I don't class any food as 'bad' as I train afterwards. It's only 'bad' when you sit on your ass and let it fester into stored fat and gurge!!


----------



## vtec_yo (Nov 30, 2011)

They're bloody lovely I know that much.


----------



## Matt 1 (May 8, 2010)

Youre gonna build a body die for eating that lot mate

as in heart attack.


----------



## 2004mark (Oct 26, 2013)

No such thing as bad foods, just bad diets.

Double sausage and egg muffin for me thanks :beer:


----------



## cas (Jan 9, 2011)

double sausage and egg muffin, can't beat it man!
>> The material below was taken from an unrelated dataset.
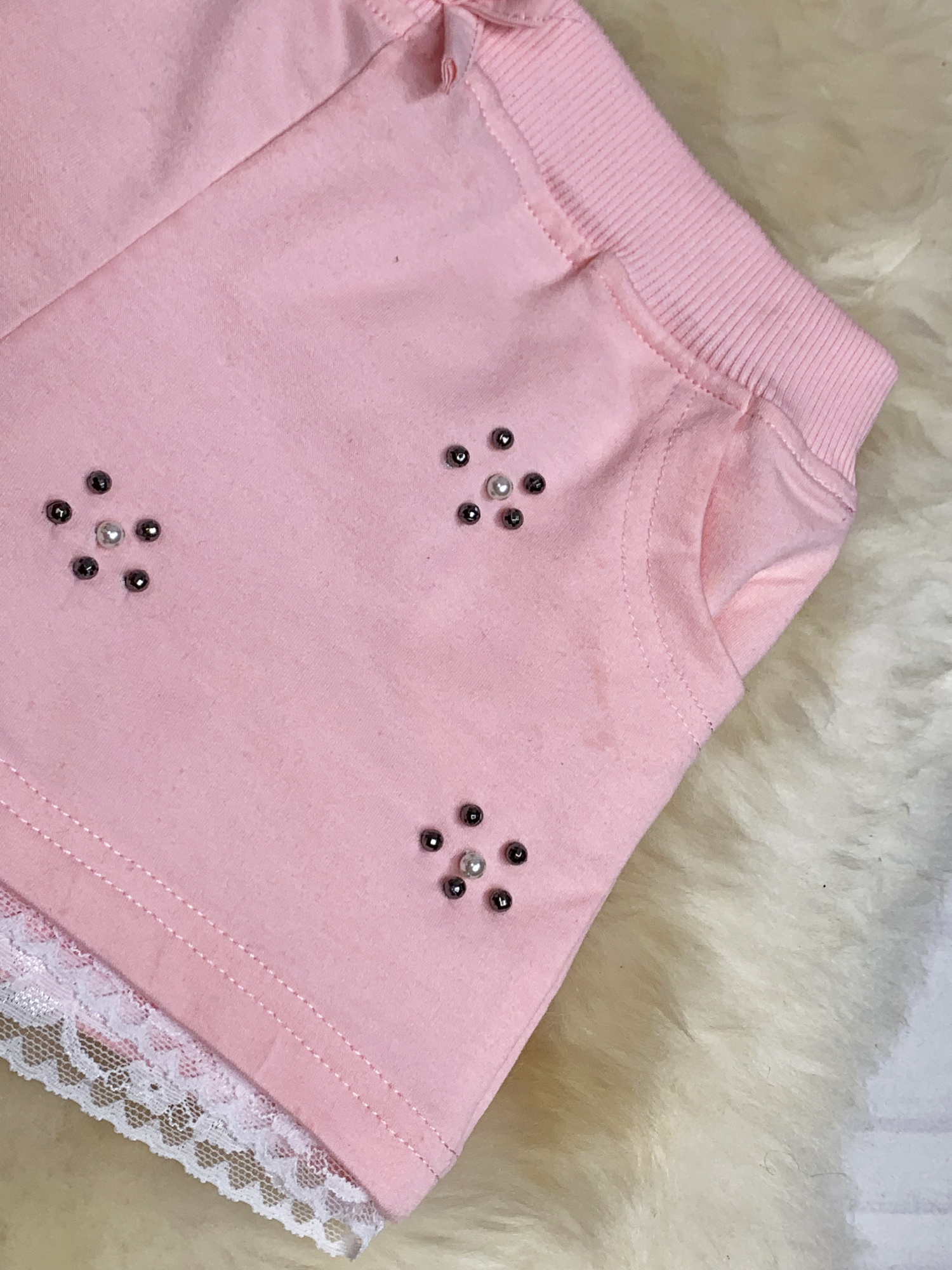 • ozdonione perełkami oraz nogawki wykończone koronką

I was eating McDonald's nearly every day at one point...I would not advice it though


----------



## Readyandwaiting (Mar 20, 2011)

c'mon it's fast food FFS! ITS FCKIN SHYTE!¬


----------



## a.notherguy (Nov 17, 2008)

its about the only thing i eat from mcdonalds and i usually get 2 double sausage and egg mcmuffins if im out shopping early enough on a saturday, really sets my up for the day.

wouldnt do it more than once a week tho


----------



## Matt 1 (May 8, 2010)

Readyandwaiting said:


> c'mon it's fast food FFS! ITS FCKIN SHYTE!¬


no its good for you, have you not seen the commercials


----------



## Wheyman (Sep 6, 2011)

Had the breakfast wrap the other day, was well tasty, but greecy


----------



## Ginger Ben (Oct 5, 2010)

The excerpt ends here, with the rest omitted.